And they ended badly. Jackie was half-drunk when she arrived at the station to pick him up, and they drove mostly in silence to a motel called Geiger's that had a stylized neon motif of a gamma counter swinging back and forth at the top of its tall cylindrical road-sign. Sandro taught it looked ominous against the haunted panorama of desert skyline, like a sober truth mockingly spelled out in skid-row architecture. (He experienced the same eerie feeling a couple of years later when the Outer Limits started showing on ABC, and each week a grim voice seemed to issue from the hidden depths of the American technocracy: "We will control the horizontal. We will control the vertical. We can roll the image, make it flutter. We can change the focus to a soft blur or sharpen it to crystal clarity. For the next hour, sit quietly and we will control all that you see and hear.")

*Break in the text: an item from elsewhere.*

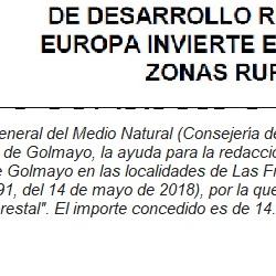 "con fecha 18 de diciembre de 2020, la Dirección General del Medio Natural ( Consejería de Fomento y Medio Ambiente de la Junta de Castilla y León) resolvió conceder al Ayuntamiento de Golmayo, la ayuda para la redacción del Proyecto de Ordenación del Monte de Libre Disposición perteneciente al Ayuntamiento de Golmayo en las localidades de Las Fraguas y La Mallona, al amparo de la Orden de 3 de mayo de 2018 ( publicada en el BOCYL nº 91, del 14 de mayo de 2018), por la que se convocan ayudas cofinanciadas por el FEADER para la redacción de planes de gestión forestal". El importe concedido es de14.350,52 Euros.

When they got into a room, Jackie said she wanted to talk, so they both got drunk on bacanora tequila. Then she adopted a very grave expression, and told Sandro she'd asked him down to Yuma to see how serious he was. She said if her husband didn't kill her, she'd kill herself, and she was going back to California with him to have a real life. Sandro told her it was impossible, but she insisted, clutching his shoulders and looking at him in an intense way that suggested both obligation and inevitability. Sandro struck her twice in the face, and then lurched onto his feet and backed away from the bed, as though he himself had been slapped. Jackie looked stunned for a second, and then went into a weird catatonic trance. He woke up intermittently during the night, and every time he looked she was still sitting at the edge of the bed, the back of her head illuminated each time the gamma counter sung back in the direction of the motel window.

The next morning she gathered her stuff briskly, and when she paused at the door to say goodbye, she never turned her head. Though Sandro would do much worse things to people, particularly women, in the course of his life, his mind often returned to this incident. It was only that image of the back of Jackie Sloane's head that instilled in his otherwise unyielding nature the vague, perhaps wholly superstitious intimation of having done an ineradicable wrong, of having blotted a ledger that couldn't be hidden or forged. He could never fully reason it out, but he suspected that the memory had become coloured by the subsequent events of that day - a day suffused with a sense both of destiny and severe personal judgement.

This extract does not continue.